使用可能なトークンを返します。一般ユーザーのセッションでは、リストには常に id "user" を含むユーザーのトークンが含まれます。システム全体の TPM トークンが利用可能な場合、返されるリストには id "system" を含むシステム全体のトークンも含まれます。システム全体のトークンは、このデバイス(Chromebook など)のすべてのセッションで同じになります。

戻り値

  • Promise<Token[]>

    Chrome 131 以降

importCertificate()

chrome.enterprise.platformKeys.importCertificate(
  tokenId: string,
  certificate: ArrayBuffer,
)
: Promise<void>

認証済み鍵がこのトークンにすでに保存されている場合、certificate を指定されたトークンにインポートします。

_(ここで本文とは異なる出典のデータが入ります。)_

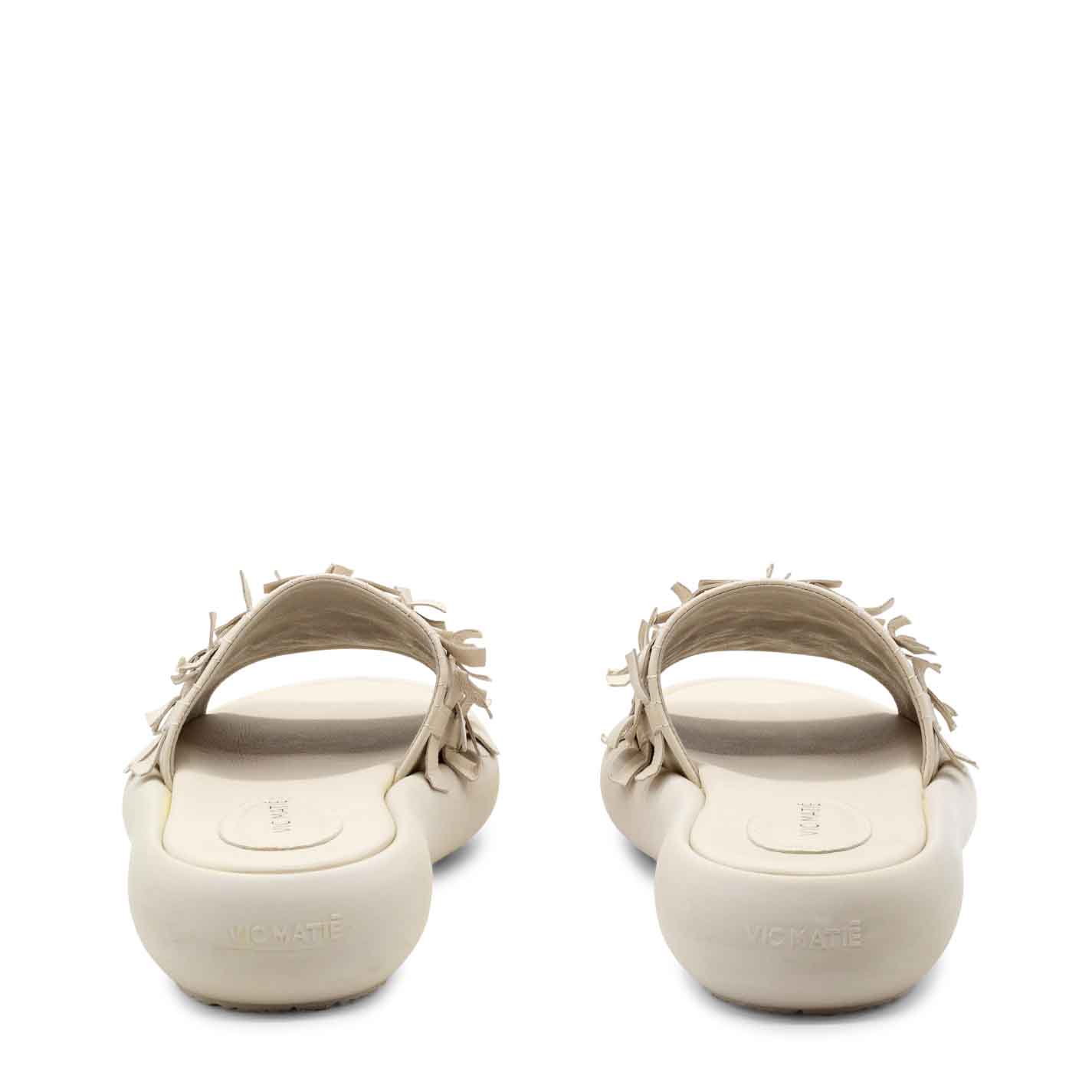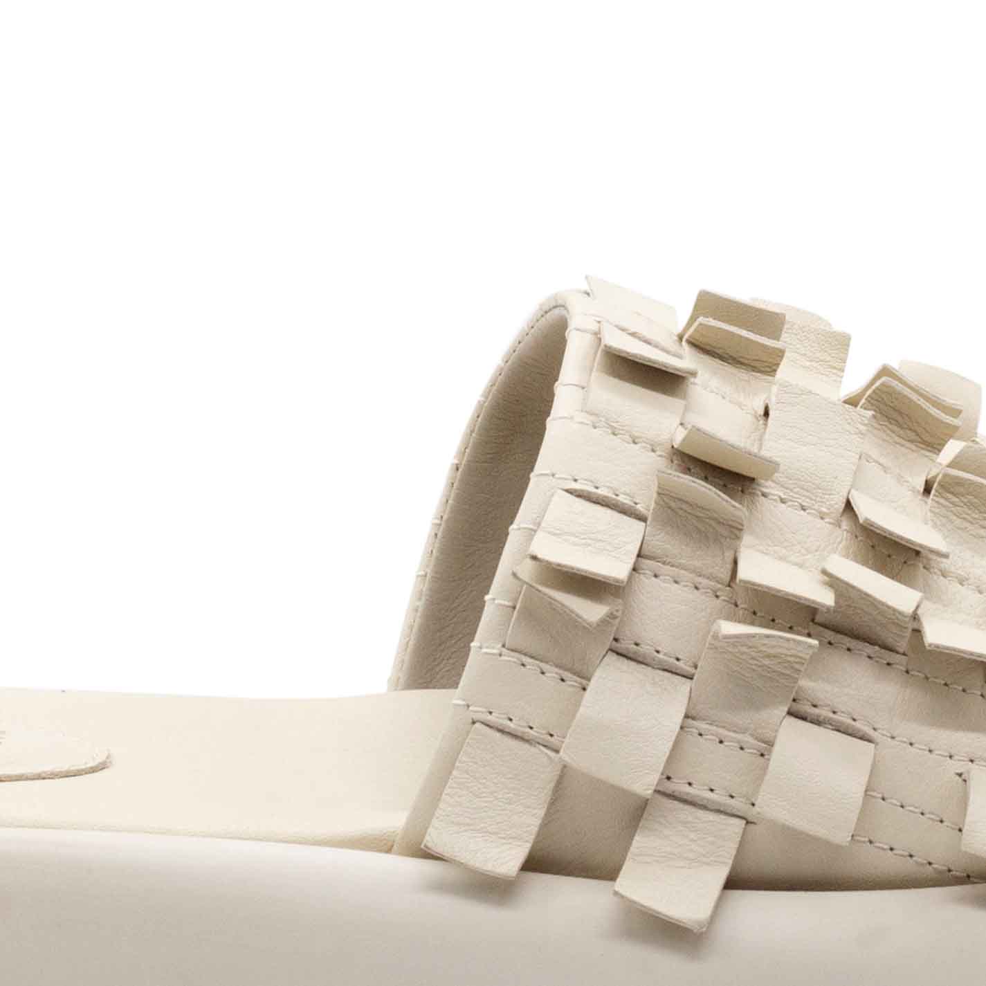 Donut ciabatta frangia avorio realizzata in morbida nappa di vitello nera, effetto intreccio sfrangiato. Suola in gomma leggera dalla forma bombata, con fusbet confort ricoperto in pelle. Made in Italy.

認証リクエストが成功したら、この関数を使用して取得した証明書を保存し、認証のためにオペレーティング システムとブラウザで使用できるようにする必要があります。

パラメータ

  • tokenId

    文字列

    getTokens によって返されるトークンの ID。

  • 証明書

    ArrayBuffer

    X.509 証明書の DER エンコード。

戻り値

  • Promise<void>

    Chrome 131 以降

removeCertificate()

chrome.enterprise.platformKeys.removeCertificate(
  tokenId: string,
  certificate: ArrayBuffer,
)
: Promise<void>

指定されたトークンに certificate が存在する場合は削除します。認証時に考慮されず、証明書の選択肢が煩雑にならないように、古い証明書を削除するために使用する必要があります。証明書ストアのストレージを解放するために使用する必要があります。

パラメータ

  • tokenId

    文字列

    getTokens によって返されるトークンの ID。

  • 証明書

    ArrayBuffer

    X.509 証明書の DER エンコード。